START SOURCE MATERIAL

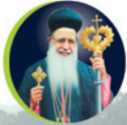
The Late H.H. Baselios Marthoma Mathews II Catholicos of the East & Malankara Metropolitan Founder Chairman

Lake View, Sasthamcotta, Kollam, Kerala 690 520
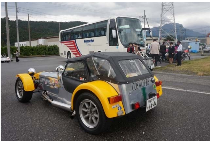
神奈中デラックスバスと手作り自動車
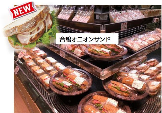
【新商品が並ぶサンドイッチ売場】
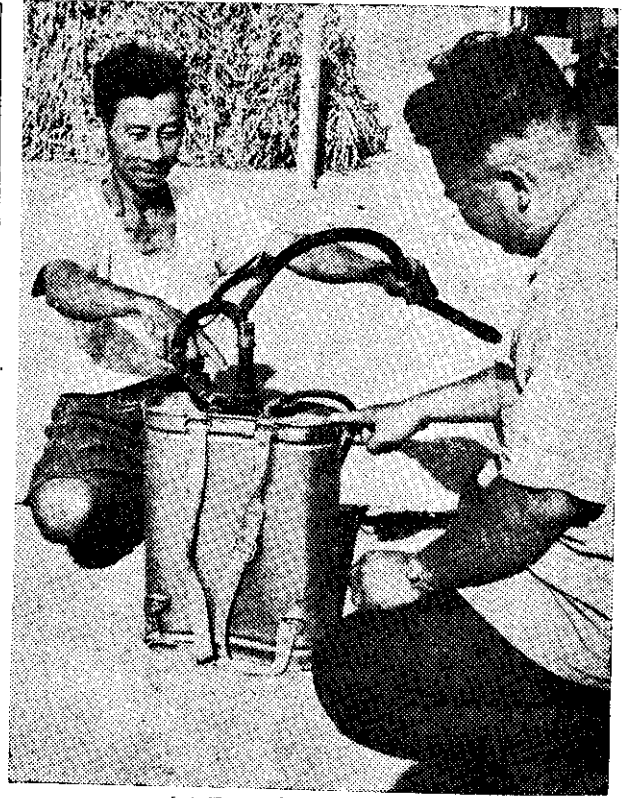
處水漏器噴指手友農力萬李

END SOURCE MATERIAL

- TASK DIRECTIONS
Which lines run from the one containing "神奈中デラックスバスと手作り自動車" to the end of the data above? Set down those lines exactly, and only those, without any pictures.

- WRITTEN REPLY
神奈中デラックスバスと手作り自動車
【新商品が並ぶサンドイッチ売場】
處水漏器噴指手友農力萬李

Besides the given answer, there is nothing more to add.